Data items:
#####

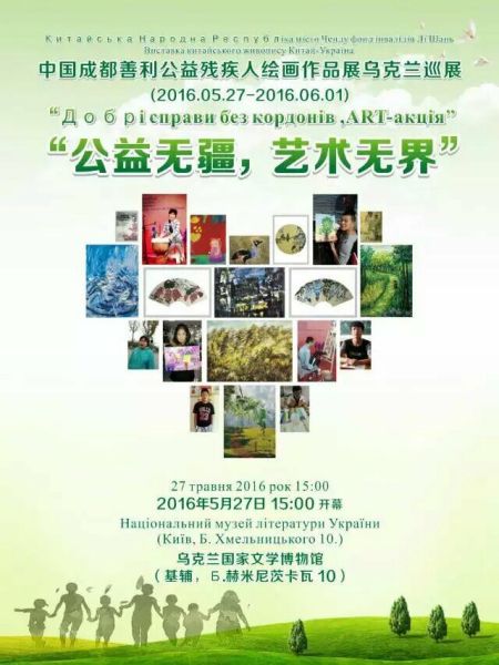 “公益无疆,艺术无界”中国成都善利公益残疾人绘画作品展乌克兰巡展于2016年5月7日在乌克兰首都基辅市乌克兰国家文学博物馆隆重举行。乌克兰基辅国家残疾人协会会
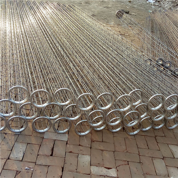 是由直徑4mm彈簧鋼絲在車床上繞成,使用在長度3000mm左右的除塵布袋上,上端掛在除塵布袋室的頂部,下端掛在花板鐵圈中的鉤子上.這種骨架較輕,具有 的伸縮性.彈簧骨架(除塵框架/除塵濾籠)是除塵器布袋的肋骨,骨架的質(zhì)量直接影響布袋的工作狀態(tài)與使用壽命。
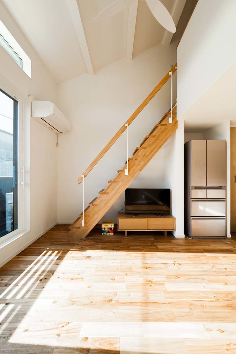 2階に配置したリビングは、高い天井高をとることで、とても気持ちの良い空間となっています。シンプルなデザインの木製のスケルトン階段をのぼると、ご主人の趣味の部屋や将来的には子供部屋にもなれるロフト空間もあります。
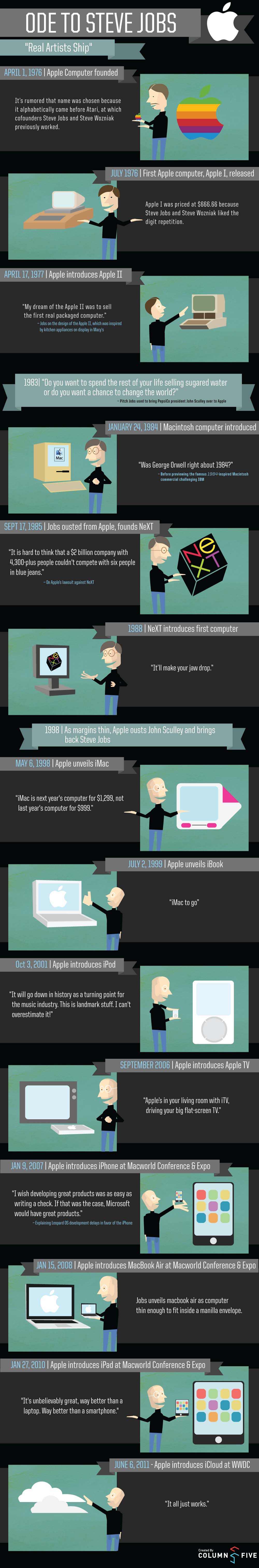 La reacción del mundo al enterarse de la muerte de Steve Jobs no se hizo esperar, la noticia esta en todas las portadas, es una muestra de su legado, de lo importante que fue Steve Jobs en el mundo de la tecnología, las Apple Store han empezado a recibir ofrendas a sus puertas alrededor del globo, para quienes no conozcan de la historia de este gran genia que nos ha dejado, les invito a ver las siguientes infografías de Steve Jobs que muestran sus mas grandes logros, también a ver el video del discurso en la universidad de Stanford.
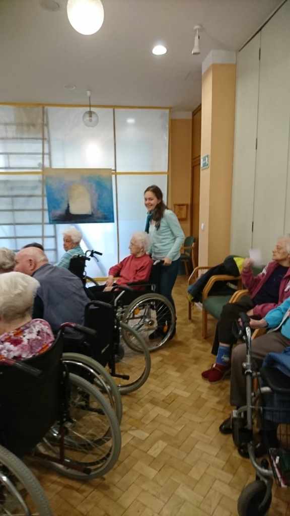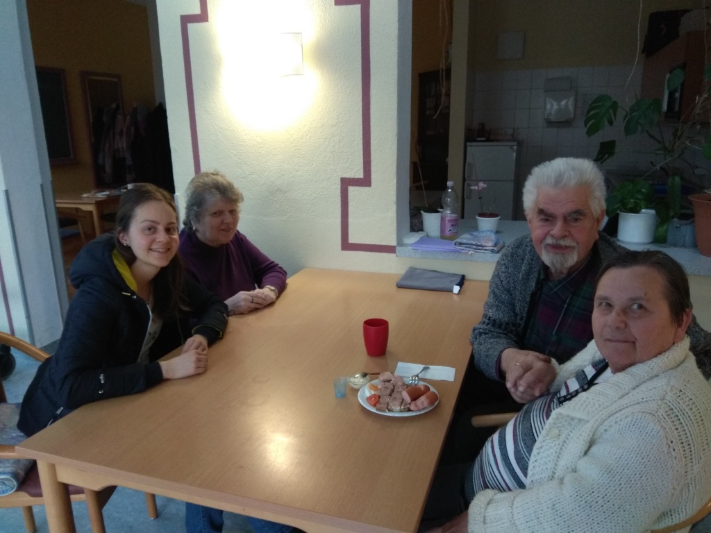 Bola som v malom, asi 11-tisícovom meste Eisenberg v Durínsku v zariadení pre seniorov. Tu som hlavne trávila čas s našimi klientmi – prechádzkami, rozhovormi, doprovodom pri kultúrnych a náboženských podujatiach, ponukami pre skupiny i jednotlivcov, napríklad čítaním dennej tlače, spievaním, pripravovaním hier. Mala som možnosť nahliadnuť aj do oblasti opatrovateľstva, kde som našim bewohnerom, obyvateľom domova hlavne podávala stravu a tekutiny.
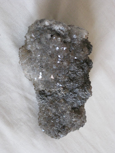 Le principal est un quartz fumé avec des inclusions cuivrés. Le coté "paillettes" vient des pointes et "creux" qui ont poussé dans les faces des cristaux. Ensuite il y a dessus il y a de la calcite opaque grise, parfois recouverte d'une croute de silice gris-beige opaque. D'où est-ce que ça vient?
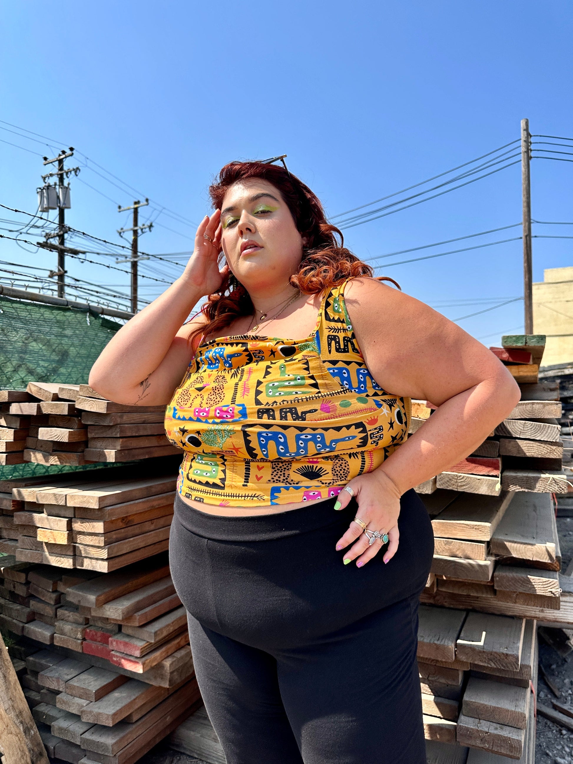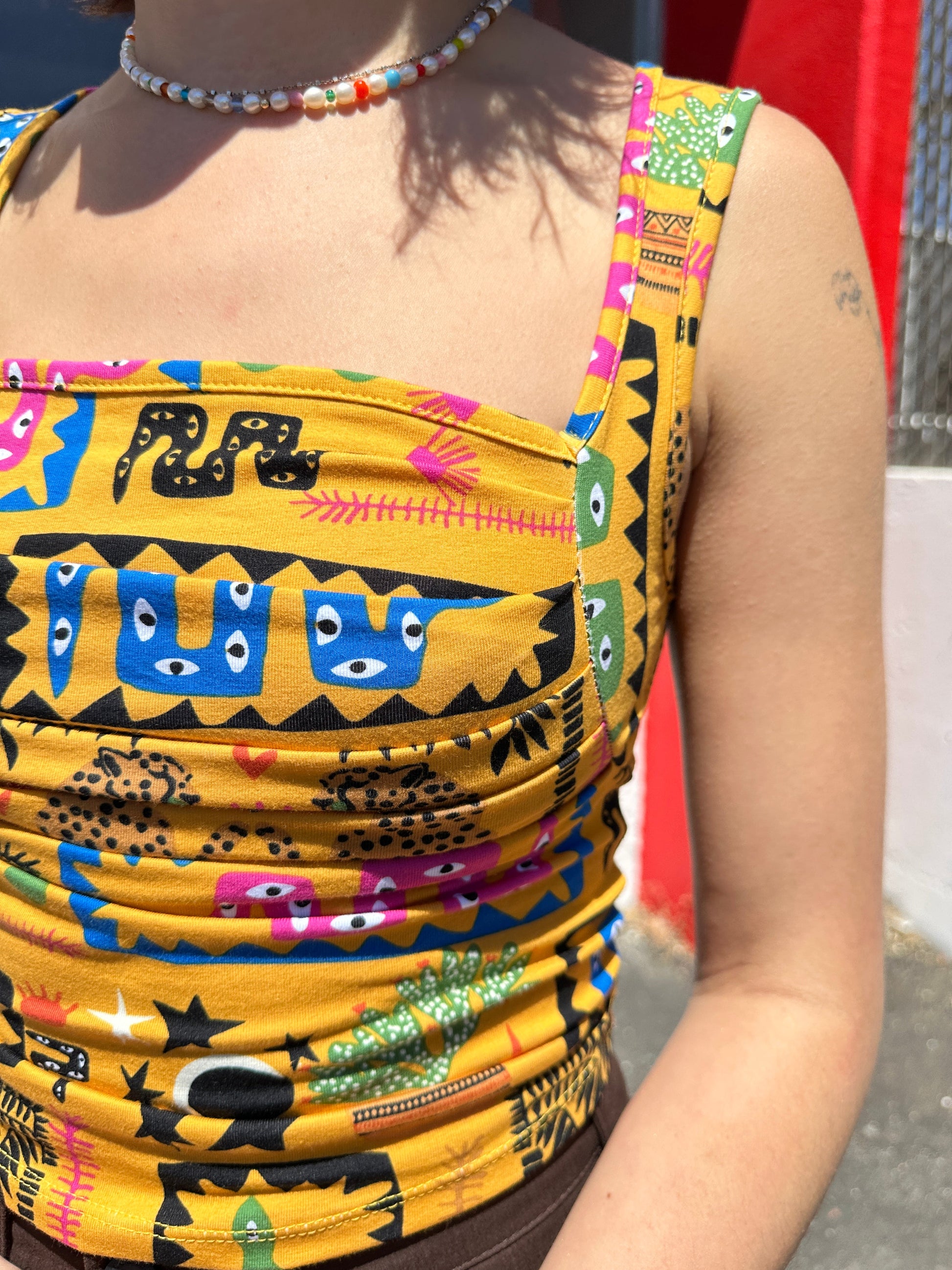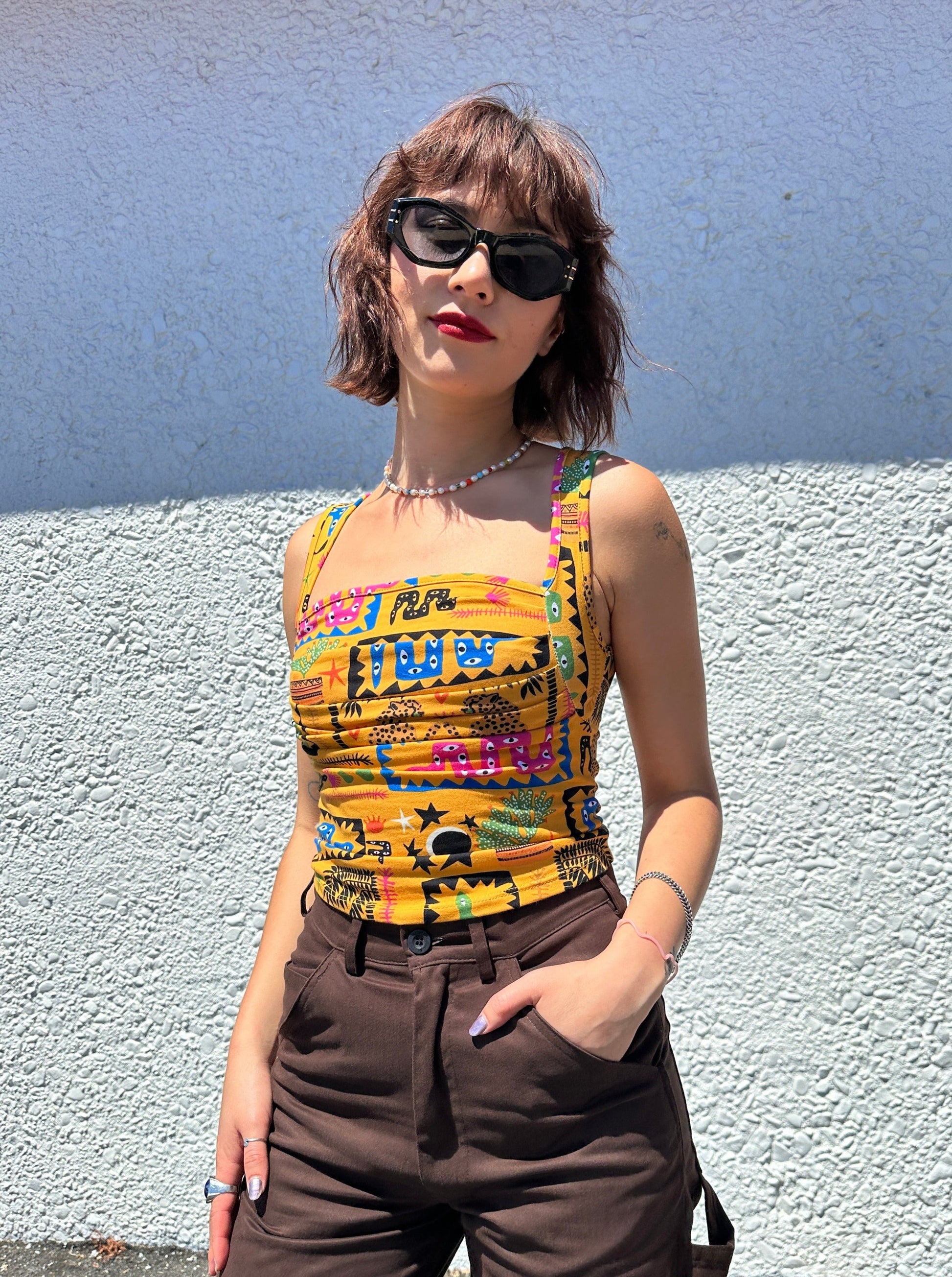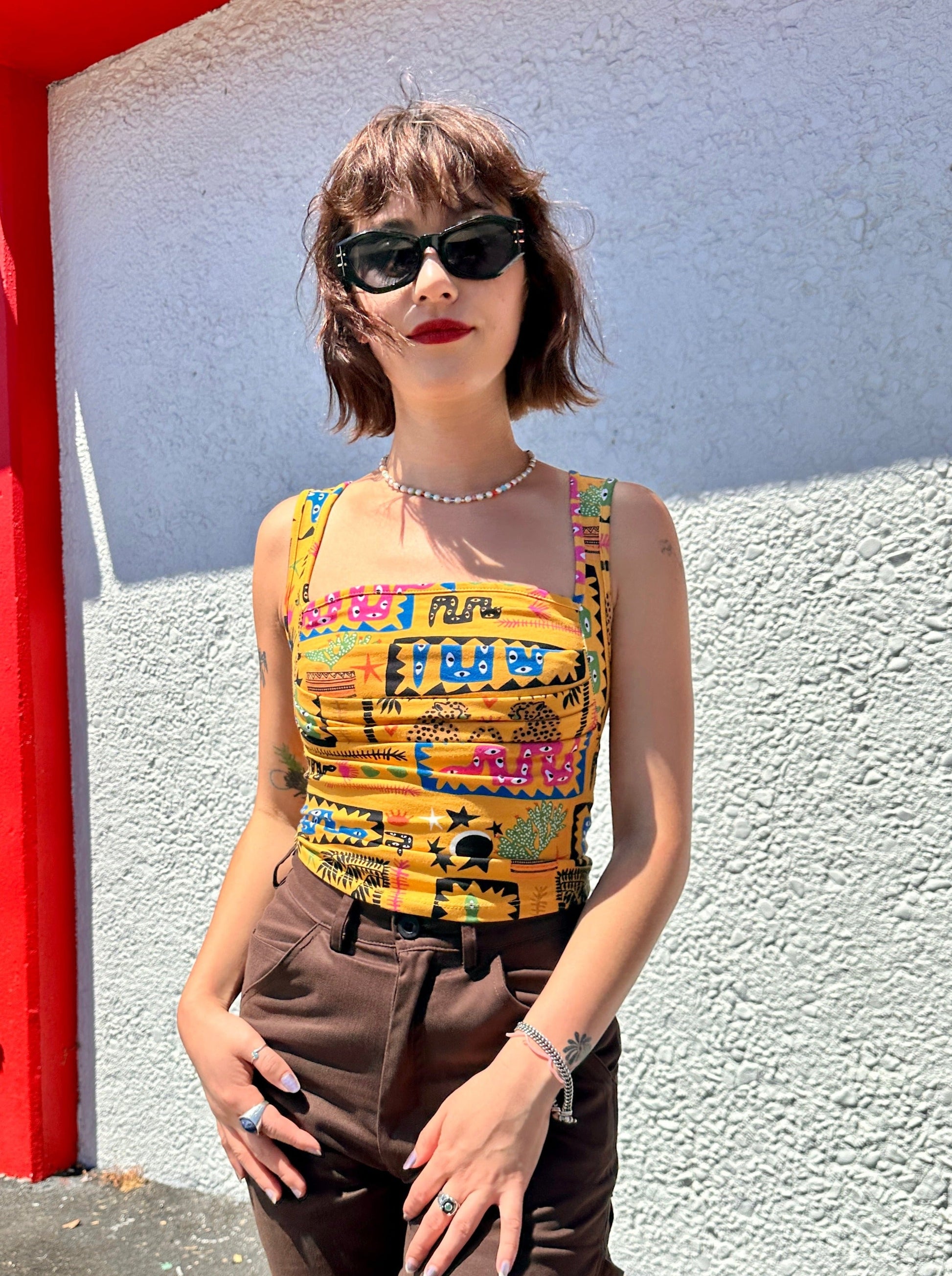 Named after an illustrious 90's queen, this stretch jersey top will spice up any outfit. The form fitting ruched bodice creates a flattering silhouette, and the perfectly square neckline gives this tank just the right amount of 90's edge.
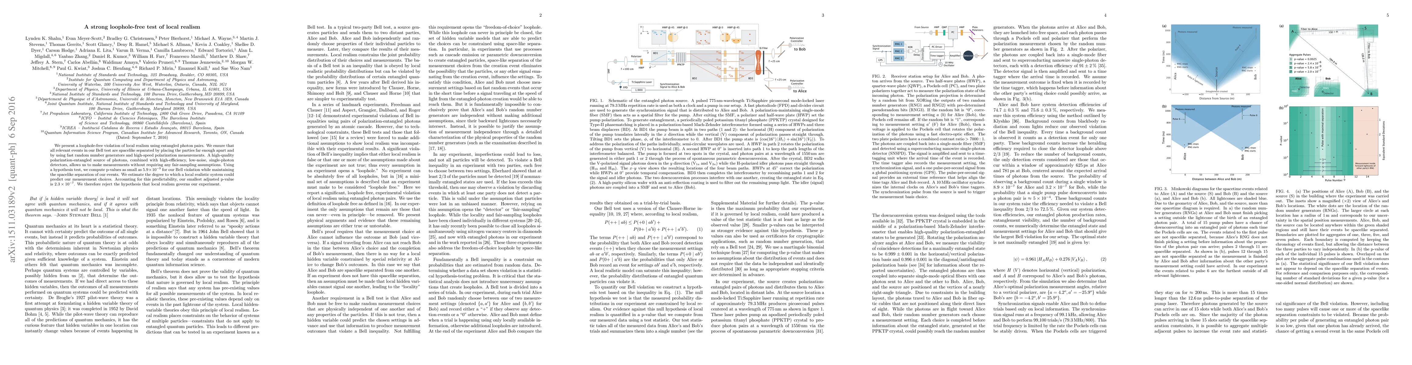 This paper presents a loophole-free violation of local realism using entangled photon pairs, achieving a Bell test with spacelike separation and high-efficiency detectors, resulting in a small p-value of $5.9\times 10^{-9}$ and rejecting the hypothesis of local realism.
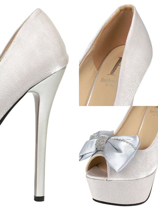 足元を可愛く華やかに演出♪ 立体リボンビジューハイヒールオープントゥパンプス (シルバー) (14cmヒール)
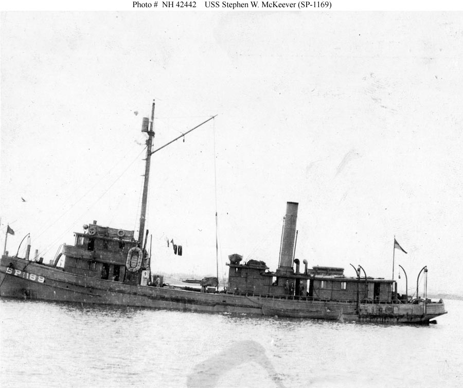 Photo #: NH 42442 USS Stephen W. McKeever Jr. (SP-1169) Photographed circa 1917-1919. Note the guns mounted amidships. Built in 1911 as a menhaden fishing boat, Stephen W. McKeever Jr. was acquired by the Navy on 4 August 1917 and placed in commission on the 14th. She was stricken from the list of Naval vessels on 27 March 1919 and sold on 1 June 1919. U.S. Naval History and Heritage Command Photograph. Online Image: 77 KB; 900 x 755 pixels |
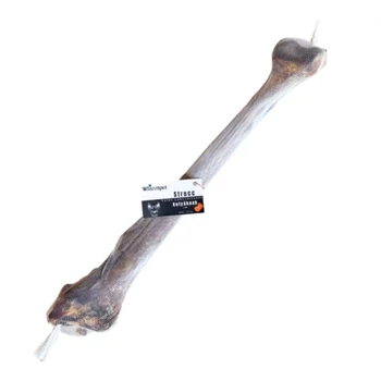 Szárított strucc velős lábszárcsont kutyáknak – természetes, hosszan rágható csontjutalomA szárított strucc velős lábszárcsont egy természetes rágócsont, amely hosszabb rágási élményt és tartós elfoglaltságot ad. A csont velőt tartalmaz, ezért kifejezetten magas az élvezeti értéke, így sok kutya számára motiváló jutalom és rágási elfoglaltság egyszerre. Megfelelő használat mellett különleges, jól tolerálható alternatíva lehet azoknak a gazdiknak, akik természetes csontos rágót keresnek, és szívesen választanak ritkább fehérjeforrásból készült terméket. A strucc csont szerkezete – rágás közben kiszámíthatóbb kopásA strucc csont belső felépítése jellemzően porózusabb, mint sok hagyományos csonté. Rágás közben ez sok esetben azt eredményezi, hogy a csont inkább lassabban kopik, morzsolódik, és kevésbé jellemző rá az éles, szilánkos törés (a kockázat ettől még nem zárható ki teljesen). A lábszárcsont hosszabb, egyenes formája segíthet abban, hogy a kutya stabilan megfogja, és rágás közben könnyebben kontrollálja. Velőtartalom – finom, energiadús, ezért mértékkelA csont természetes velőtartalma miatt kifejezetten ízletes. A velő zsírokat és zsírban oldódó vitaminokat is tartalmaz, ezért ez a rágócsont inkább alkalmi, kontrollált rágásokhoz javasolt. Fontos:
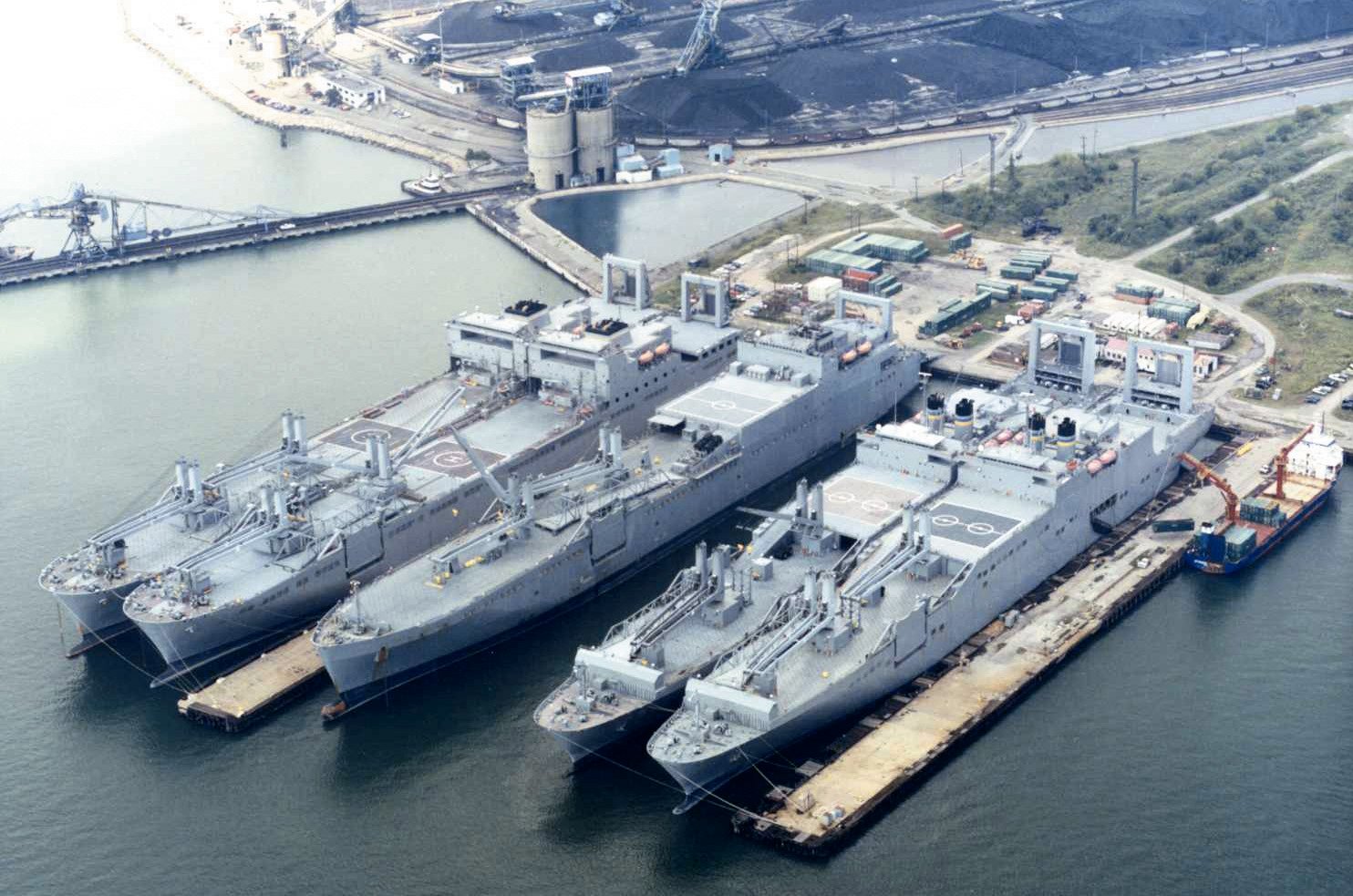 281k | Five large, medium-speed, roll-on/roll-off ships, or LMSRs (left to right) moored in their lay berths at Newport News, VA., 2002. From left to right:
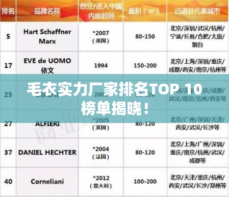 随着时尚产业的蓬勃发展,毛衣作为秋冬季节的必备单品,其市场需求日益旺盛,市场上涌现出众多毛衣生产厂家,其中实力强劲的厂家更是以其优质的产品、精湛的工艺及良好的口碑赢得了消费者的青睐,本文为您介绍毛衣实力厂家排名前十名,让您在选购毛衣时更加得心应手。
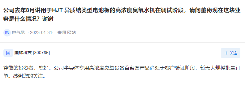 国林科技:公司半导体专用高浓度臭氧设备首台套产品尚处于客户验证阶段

#####

• **What you should do**: Your task is to reproduce exactly the lines from the start of the data above through the line containing "2階に配置したリビングは、高", leaving every picture out.

• **Task result**:
 “公益无疆,艺术无界”中国成都善利公益残疾人绘画作品展乌克兰巡展于2016年5月7日在乌克兰首都基辅市乌克兰国家文学博物馆隆重举行。乌克兰基辅国家残疾人协会会
 是由直徑4mm彈簧鋼絲在車床上繞成,使用在長度3000mm左右的除塵布袋上,上端掛在除塵布袋室的頂部,下端掛在花板鐵圈中的鉤子上.這種骨架較輕,具有 的伸縮性.彈簧骨架(除塵框架/除塵濾籠)是除塵器布袋的肋骨,骨架的質(zhì)量直接影響布袋的工作狀態(tài)與使用壽命。
 2階に配置したリビングは、高い天井高をとることで、とても気持ちの良い空間となっています。シンプルなデザインの木製のスケルトン階段をのぼると、ご主人の趣味の部屋や将来的には子供部屋にもなれるロフト空間もあります。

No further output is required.